The undersigned further agrees that the foregoing restrictions in this Lock-Up Agreement shall be equally applicable to any Securities the undersigned may purchase in the above-referenced offering.
The undersigned further agrees that, although the Underwriter may provide certain Regulation Best Interest and Form CRS disclosures or other related documentation to the undersigned in connection with the Public Offering, the Underwriters are not making a recommendation to the undersigned to participate in the Public Offering or sell any Securities at the price determined in the Public Offering, and nothing set forth in such disclosures or documentation is intended to suggest that the Underwriter is making such a recommendation.
The undersigned hereby represents and warrants that the undersigned has full power and authority to enter into this Lock-Up Agreement.

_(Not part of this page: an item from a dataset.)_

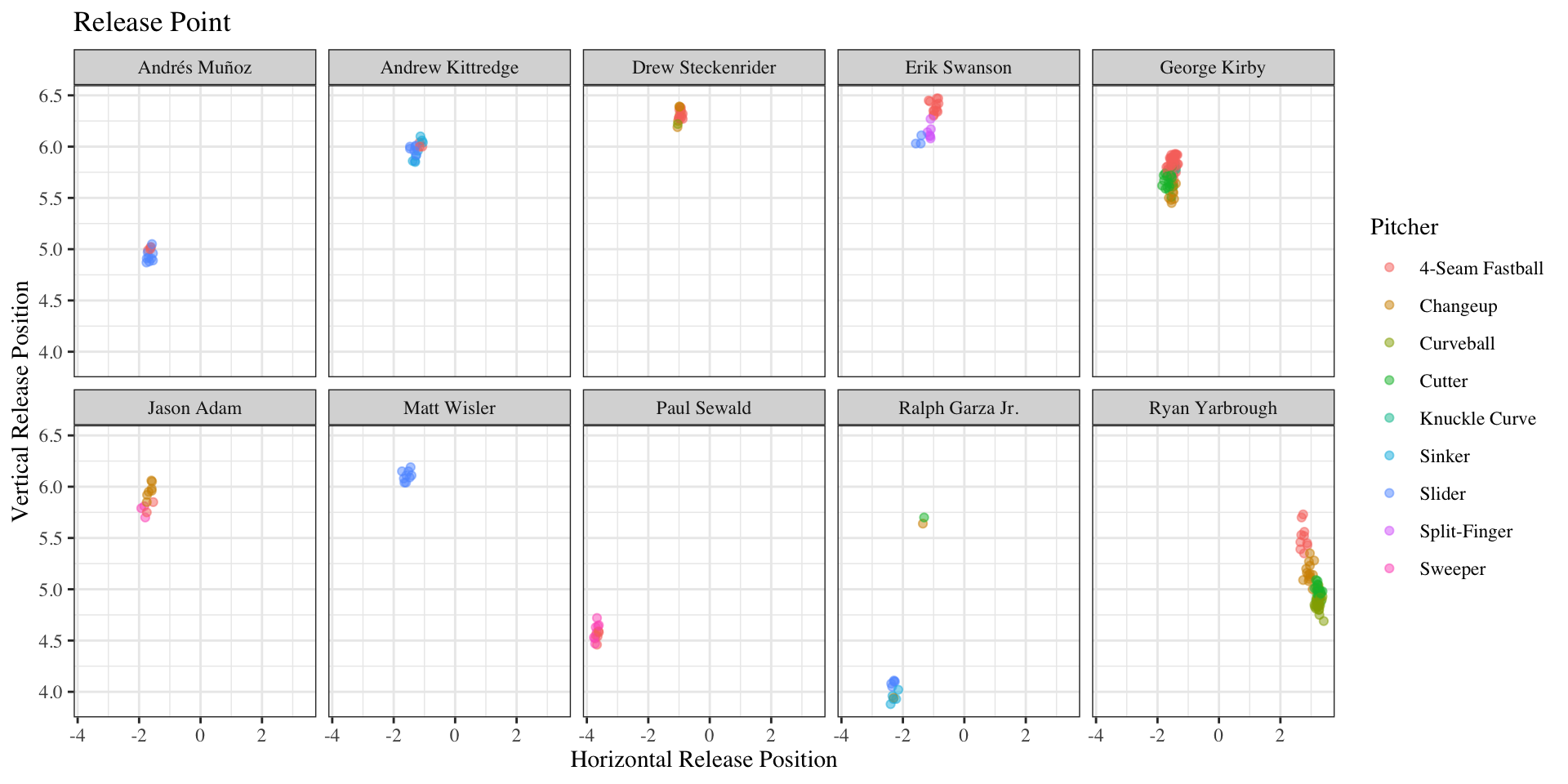 labs(title = "Release Point", color = "Pitcher",

This Lock-Up Agreement shall be binding on the undersigned and the successors, heirs, personal representatives and assigns of the undersigned.  This Lock-Up Agreement shall become effective upon the execution of the Underwriting Agreement and shall thereafter lapse and become null and void in the event of the termination of the Underwriting Agreement (other than the provisions thereof that survive termination) prior to payment for, and delivery of, the Securities to be sold on the first closing date thereunder.  This Lock-Up Agreement shall be governed by, and construed in accordance with, the laws of the State of New York.